Action item: Repeat every entry exactly as it stands. Omit the images.

(Stored items)
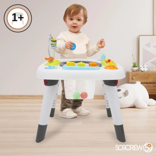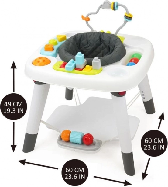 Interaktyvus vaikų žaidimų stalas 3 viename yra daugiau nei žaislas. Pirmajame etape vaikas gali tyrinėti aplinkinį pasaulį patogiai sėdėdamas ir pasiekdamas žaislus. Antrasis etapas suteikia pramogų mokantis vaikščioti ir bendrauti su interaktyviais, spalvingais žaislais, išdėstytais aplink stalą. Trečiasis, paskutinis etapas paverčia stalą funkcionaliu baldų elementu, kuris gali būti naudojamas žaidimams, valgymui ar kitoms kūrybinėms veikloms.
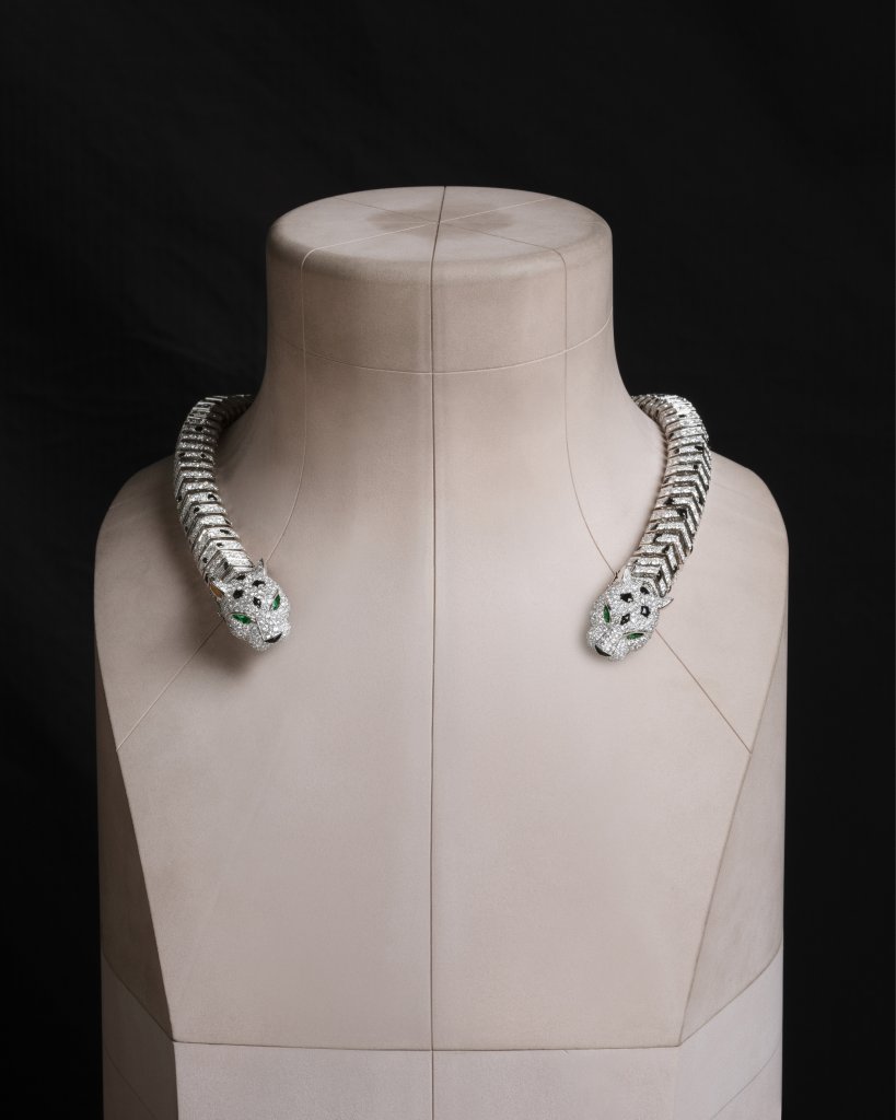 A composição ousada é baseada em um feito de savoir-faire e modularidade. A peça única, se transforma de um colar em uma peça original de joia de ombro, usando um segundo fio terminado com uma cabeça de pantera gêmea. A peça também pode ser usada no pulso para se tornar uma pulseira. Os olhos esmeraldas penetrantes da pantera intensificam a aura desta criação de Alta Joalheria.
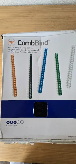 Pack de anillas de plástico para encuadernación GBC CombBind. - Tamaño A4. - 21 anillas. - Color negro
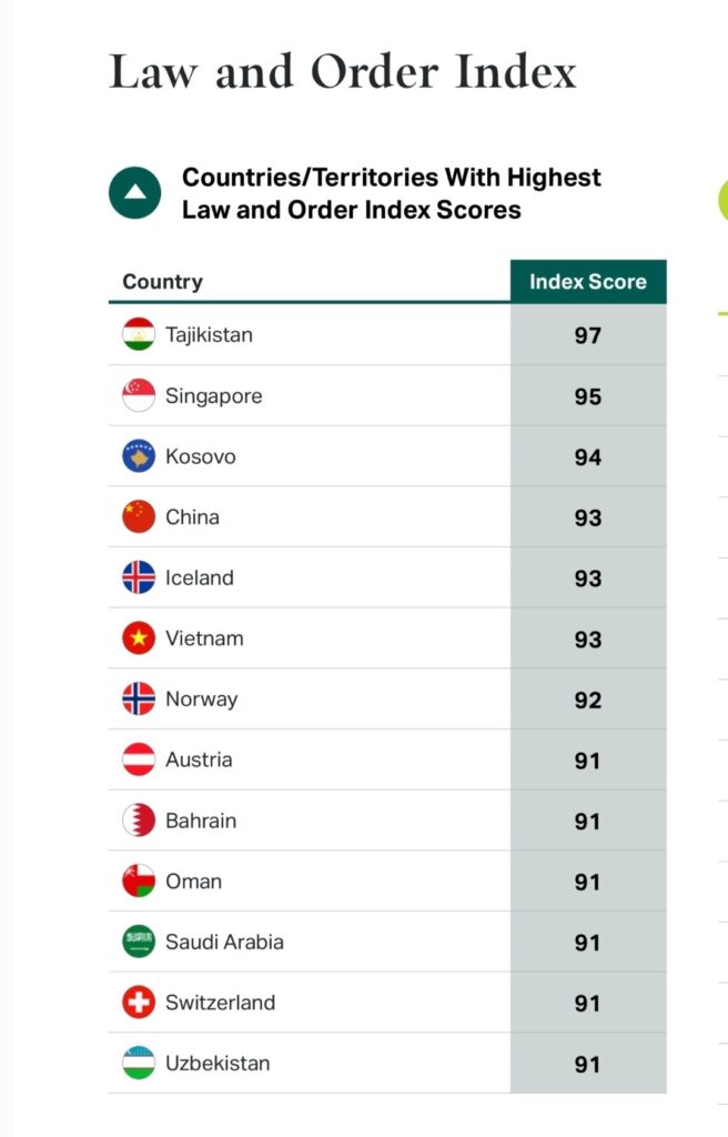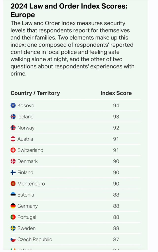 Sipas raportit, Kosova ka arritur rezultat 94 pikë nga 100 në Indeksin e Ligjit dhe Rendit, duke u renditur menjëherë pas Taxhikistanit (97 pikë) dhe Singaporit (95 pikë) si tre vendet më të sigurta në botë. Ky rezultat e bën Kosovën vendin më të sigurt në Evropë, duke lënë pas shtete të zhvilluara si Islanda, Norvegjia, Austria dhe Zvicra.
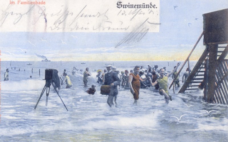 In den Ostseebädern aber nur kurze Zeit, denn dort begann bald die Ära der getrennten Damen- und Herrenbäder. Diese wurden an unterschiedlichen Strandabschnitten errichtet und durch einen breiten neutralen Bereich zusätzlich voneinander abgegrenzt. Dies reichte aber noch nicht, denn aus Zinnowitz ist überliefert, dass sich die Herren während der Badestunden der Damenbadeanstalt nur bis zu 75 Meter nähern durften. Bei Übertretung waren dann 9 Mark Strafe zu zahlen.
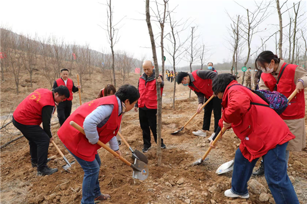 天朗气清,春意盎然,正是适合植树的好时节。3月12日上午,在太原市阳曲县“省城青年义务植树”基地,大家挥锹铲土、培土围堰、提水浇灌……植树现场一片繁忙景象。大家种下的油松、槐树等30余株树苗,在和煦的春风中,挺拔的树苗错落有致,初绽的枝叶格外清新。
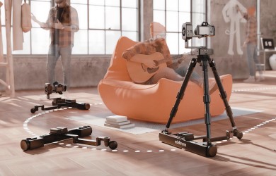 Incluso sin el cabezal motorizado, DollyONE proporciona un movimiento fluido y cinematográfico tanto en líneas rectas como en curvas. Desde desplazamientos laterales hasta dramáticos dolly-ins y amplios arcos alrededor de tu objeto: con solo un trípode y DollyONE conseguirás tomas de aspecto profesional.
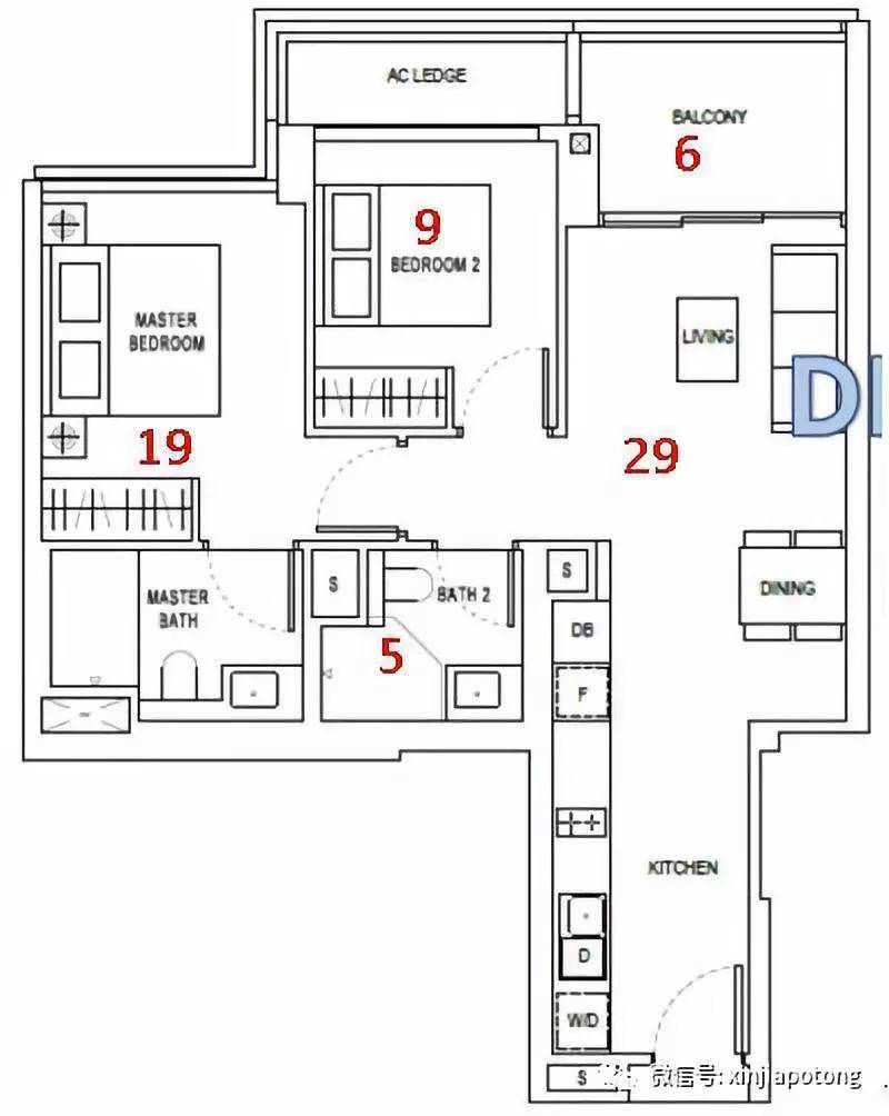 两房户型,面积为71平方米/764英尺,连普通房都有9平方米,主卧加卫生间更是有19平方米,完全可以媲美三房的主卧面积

Written reply:
 Interaktyvus vaikų žaidimų stalas 3 viename yra daugiau nei žaislas. Pirmajame etape vaikas gali tyrinėti aplinkinį pasaulį patogiai sėdėdamas ir pasiekdamas žaislus. Antrasis etapas suteikia pramogų mokantis vaikščioti ir bendrauti su interaktyviais, spalvingais žaislais, išdėstytais aplink stalą. Trečiasis, paskutinis etapas paverčia stalą funkcionaliu baldų elementu, kuris gali būti naudojamas žaidimams, valgymui ar kitoms kūrybinėms veikloms.
 A composição ousada é baseada em um feito de savoir-faire e modularidade. A peça única, se transforma de um colar em uma peça original de joia de ombro, usando um segundo fio terminado com uma cabeça de pantera gêmea. A peça também pode ser usada no pulso para se tornar uma pulseira. Os olhos esmeraldas penetrantes da pantera intensificam a aura desta criação de Alta Joalheria.
 Pack de anillas de plástico para encuadernación GBC CombBind. - Tamaño A4. - 21 anillas. - Color negro
 Sipas raportit, Kosova ka arritur rezultat 94 pikë nga 100 në Indeksin e Ligjit dhe Rendit, duke u renditur menjëherë pas Taxhikistanit (97 pikë) dhe Singaporit (95 pikë) si tre vendet më të sigurta në botë. Ky rezultat e bën Kosovën vendin më të sigurt në Evropë, duke lënë pas shtete të zhvilluara si Islanda, Norvegjia, Austria dhe Zvicra.
 In den Ostseebädern aber nur kurze Zeit, denn dort begann bald die Ära der getrennten Damen- und Herrenbäder. Diese wurden an unterschiedlichen Strandabschnitten errichtet und durch einen breiten neutralen Bereich zusätzlich voneinander abgegrenzt. Dies reichte aber noch nicht, denn aus Zinnowitz ist überliefert, dass sich die Herren während der Badestunden der Damenbadeanstalt nur bis zu 75 Meter nähern durften. Bei Übertretung waren dann 9 Mark Strafe zu zahlen.
 天朗气清,春意盎然,正是适合植树的好时节。3月12日上午,在太原市阳曲县“省城青年义务植树”基地,大家挥锹铲土、培土围堰、提水浇灌……植树现场一片繁忙景象。大家种下的油松、槐树等30余株树苗,在和煦的春风中,挺拔的树苗错落有致,初绽的枝叶格外清新。
 Incluso sin el cabezal motorizado, DollyONE proporciona un movimiento fluido y cinematográfico tanto en líneas rectas como en curvas. Desde desplazamientos laterales hasta dramáticos dolly-ins y amplios arcos alrededor de tu objeto: con solo un trípode y DollyONE conseguirás tomas de aspecto profesional.
 两房户型,面积为71平方米/764英尺,连普通房都有9平方米,主卧加卫生间更是有19平方米,完全可以媲美三房的主卧面积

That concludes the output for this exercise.